#### Material supplied

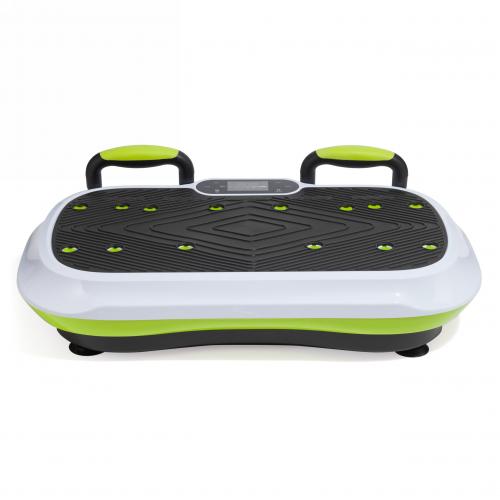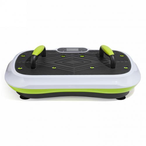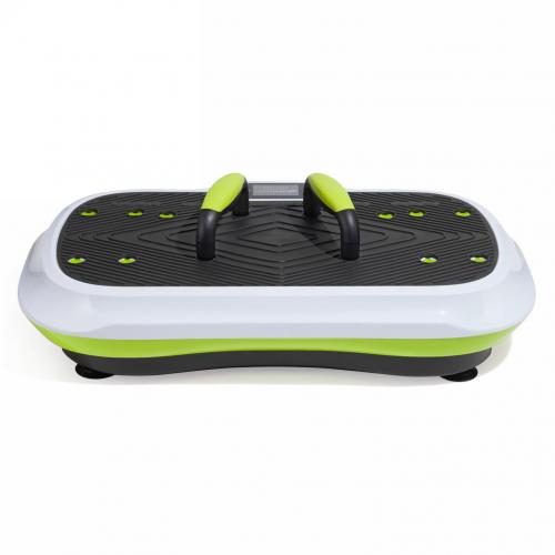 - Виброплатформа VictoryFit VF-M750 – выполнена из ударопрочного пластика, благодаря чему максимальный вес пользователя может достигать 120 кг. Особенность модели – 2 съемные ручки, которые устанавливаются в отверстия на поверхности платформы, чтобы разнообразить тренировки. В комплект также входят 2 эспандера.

########
#### Material supplied

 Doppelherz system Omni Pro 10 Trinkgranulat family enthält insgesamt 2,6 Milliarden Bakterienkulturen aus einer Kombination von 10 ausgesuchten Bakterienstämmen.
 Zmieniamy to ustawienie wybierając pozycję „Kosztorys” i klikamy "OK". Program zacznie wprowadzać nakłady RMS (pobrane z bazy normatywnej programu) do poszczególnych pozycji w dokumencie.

########
#### Material supplied

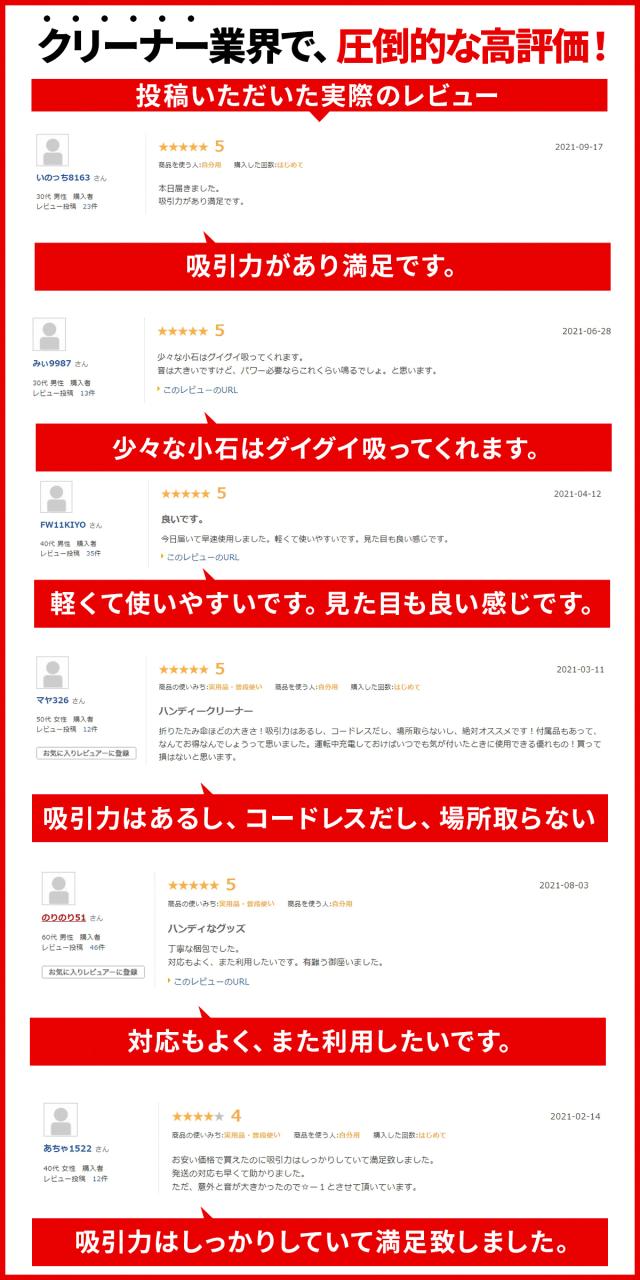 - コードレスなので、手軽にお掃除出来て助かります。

########

Directions for this task: Please, from the material above, copy only the lines from the line with "Doppelherz system Omni" up to and including the line with "Zmieniamy to ustawienie", exactly as written.

Response below:
 Doppelherz system Omni Pro 10 Trinkgranulat family enthält insgesamt 2,6 Milliarden Bakterienkulturen aus einer Kombination von 10 ausgesuchten Bakterienstämmen.
 Zmieniamy to ustawienie wybierając pozycję „Kosztorys” i klikamy "OK". Program zacznie wprowadzać nakłady RMS (pobrane z bazy normatywnej programu) do poszczególnych pozycji w dokumencie.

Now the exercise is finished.